Supplied data —
-*-
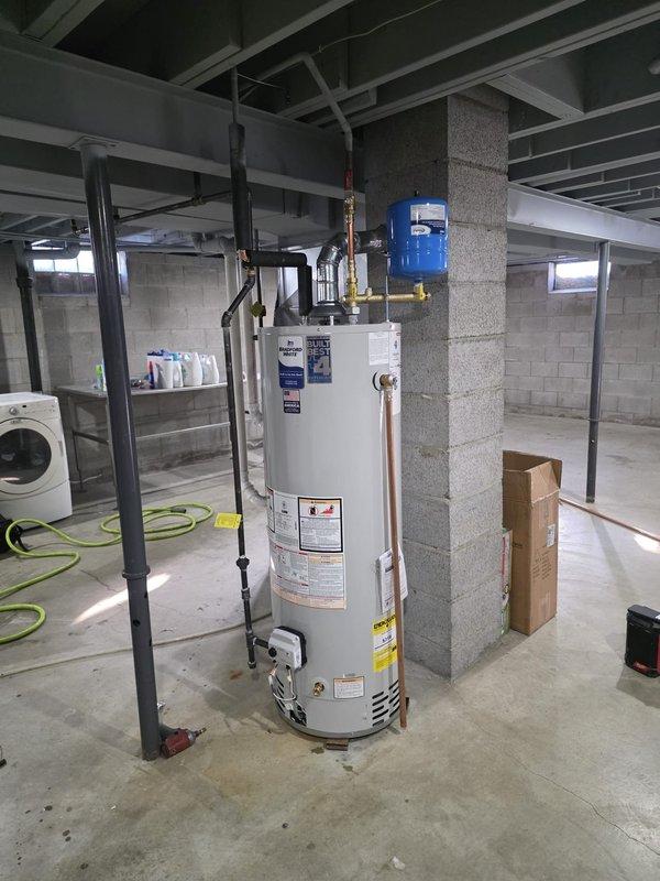 Completed installation of a new tanked water heater in unfinished basement area. System includes proper connections to existing copper and black pipe infrastructure, with a blue expansion tank mounted on adjacent wall. All required valves and safety features installed according to code.
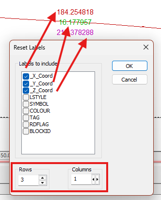 Choose how many Rows and Columns comprise the table used to display labels. Consider the following examples, where coordinate fields are laid out horizontally and vertically (the colouring was applied using the Style tab after the Reset).
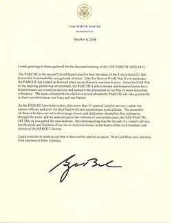 19 октября 2004 года на военно-морской верфи Пьюджет-Саунд (Бремертон, штат Вашингтон) прошла церемония по выводу «Парче» из состава флота. Официально субмарина была выведена из состава флота 18 июля 2005 года, и в этот же день удалена из Регистра судов ВМФ США. Утилизация лодки проходила там же, на военно-морской верфи Пьюджет-Саунд, (Бремертон, штат Вашингтон) в рамках программы по утилизации кораблей и подводных лодок ВМФ США. Утилизация окончательно была завершена 30 ноября 2006 года. Однако отдавая дань уважения самой титулованой подводной лодке США рубка «Парче» была сохранена и выставлена в качестве экспоната в Военно-морском музее города Бремертон (штат Вашингтон).
-*-
Task —
Print the material above exactly, skipping its images.

Exercise answer —
 Completed installation of a new tanked water heater in unfinished basement area. System includes proper connections to existing copper and black pipe infrastructure, with a blue expansion tank mounted on adjacent wall. All required valves and safety features installed according to code.
 Choose how many Rows and Columns comprise the table used to display labels. Consider the following examples, where coordinate fields are laid out horizontally and vertically (the colouring was applied using the Style tab after the Reset).
 19 октября 2004 года на военно-морской верфи Пьюджет-Саунд (Бремертон, штат Вашингтон) прошла церемония по выводу «Парче» из состава флота. Официально субмарина была выведена из состава флота 18 июля 2005 года, и в этот же день удалена из Регистра судов ВМФ США. Утилизация лодки проходила там же, на военно-морской верфи Пьюджет-Саунд, (Бремертон, штат Вашингтон) в рамках программы по утилизации кораблей и подводных лодок ВМФ США. Утилизация окончательно была завершена 30 ноября 2006 года. Однако отдавая дань уважения самой титулованой подводной лодке США рубка «Парче» была сохранена и выставлена в качестве экспоната в Военно-морском музее города Бремертон (штат Вашингтон).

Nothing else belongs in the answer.